The valley remembers
the black lake
like any crushed weight :
With daisies
thrust through fishbones,
foundations, the busted
stone dam
scattered as tossed knuckles
with fox teeth, car parts,
bent beer cans.
And if I meet a man at the base
of this green grave,
what of it?
The catholic garden
with its crossed wilderness
thickens the dusk,
whose glistened
frog throat croons
fucksong to the river.
A man strokes
the inside of my thigh
and the housewife in me
rises like a snake: another
copperhead I must shoot
from the back porch
of my mother’s
bold inheritance
of sacrifice.
If this were a fairytale,
if I were a child,
I would have been
orphaned
to a stepmother:
Do not, and I mean
do not let him
knock you up.
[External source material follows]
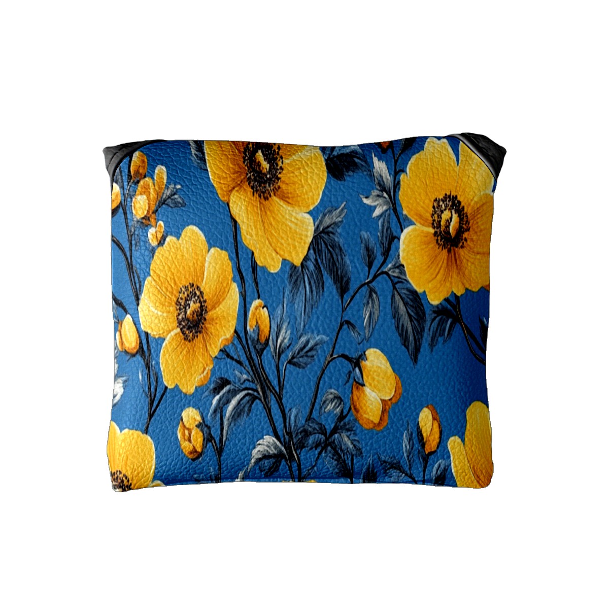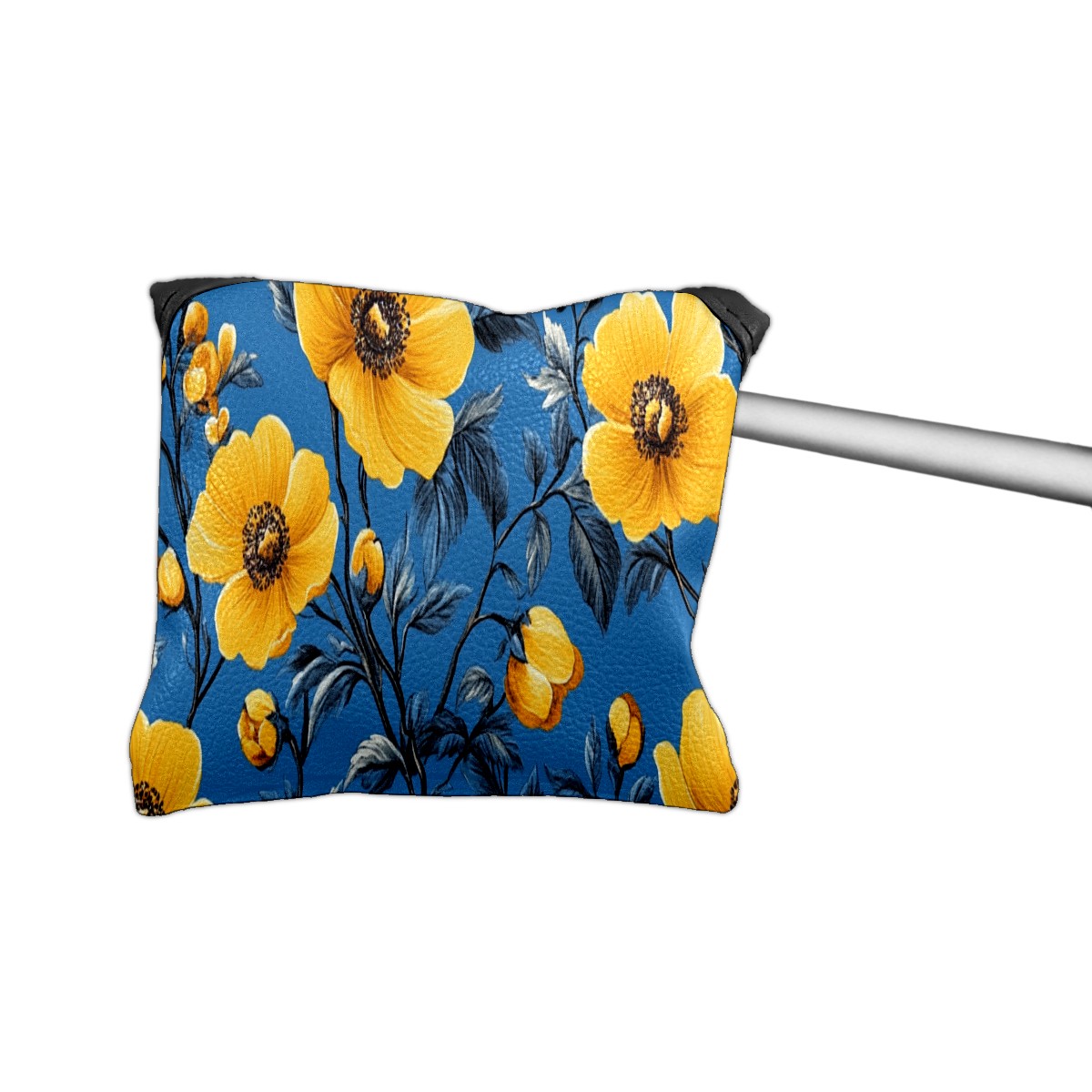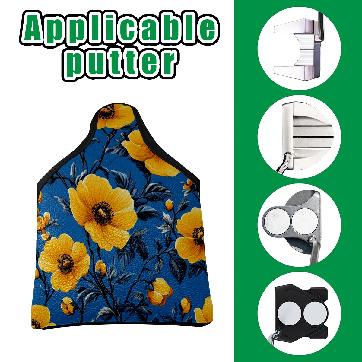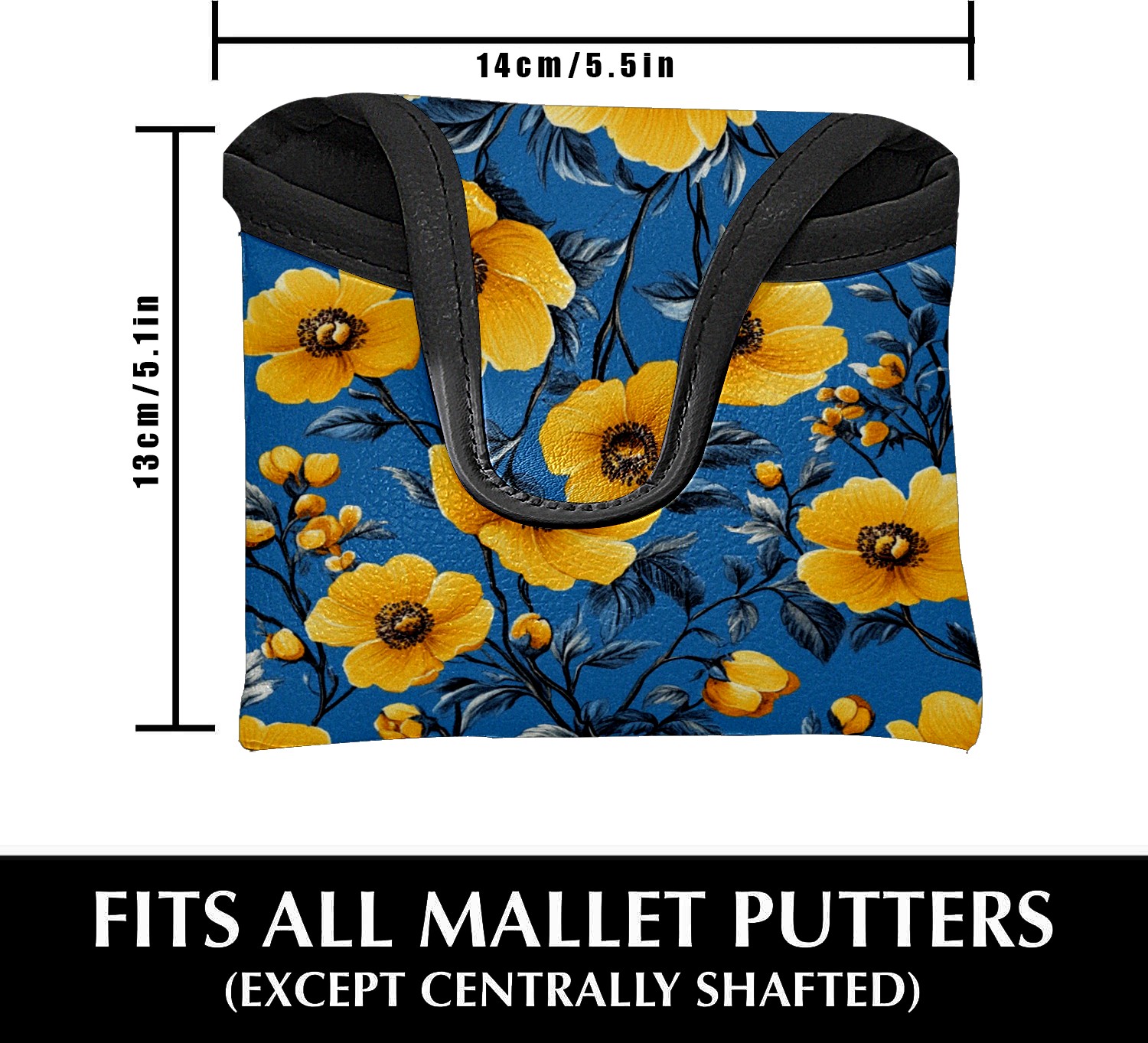 Mallet Putter Cover,Golf Club Head Cover, PU Leather Iron Head Covers Set Gift for Travel Cases Protector Fit Most, Easily Slips on and Secures Yellow Flowers 1

The landlady wipes
blonde ale from the corner
of her dry lip.
Anyway–
⤕
The man unfolds
an antique etching
of the Johnstown flood.
The image seems
an omen, a gold weight
I must carry
in hope of trading
down the road
to some
cloaked pawn shop
in exchange for my own
wisdom, or beauty, or–
later, the etching hangs
in a room we share.
In the scene, people
like pale termites
swarm, the women
with waists
cinched, the men
in gray shirts pulling
splinters from water.
The waves carry
houses burning
to the horizon, visible
beyond the mountains
that–despite or
because of this violence–
appear gentle, stoned
onlookers gazing
dumb at the edge of grief.
On the riverbank,
foam, silt, gathered
bodies: A woman lays
with a still child.
A man stares
stoic at the breast
of a drowned woman,
her ankle twisted
under the hem
of a white dress.
A woman weeps.
A man makes himself useful.
The people die in shapes
of dolls. There is
the good mother.
The bleak father
rolling up his sleeves.
The water rises,
the smoke drifts,
no one unlaces
her corset, takes off
his strong face.
⤕
One social theory suggests people revert to so-called traditional gender roles in times of disaster; of course, any American saying traditional usually means colonial, that rigid urge to sequester the wilderness–the fire, the water–into fenced outlines of one man, one woman. This may explain the Victorian melodrama in this 1889 depiction of the Johnstown Flood.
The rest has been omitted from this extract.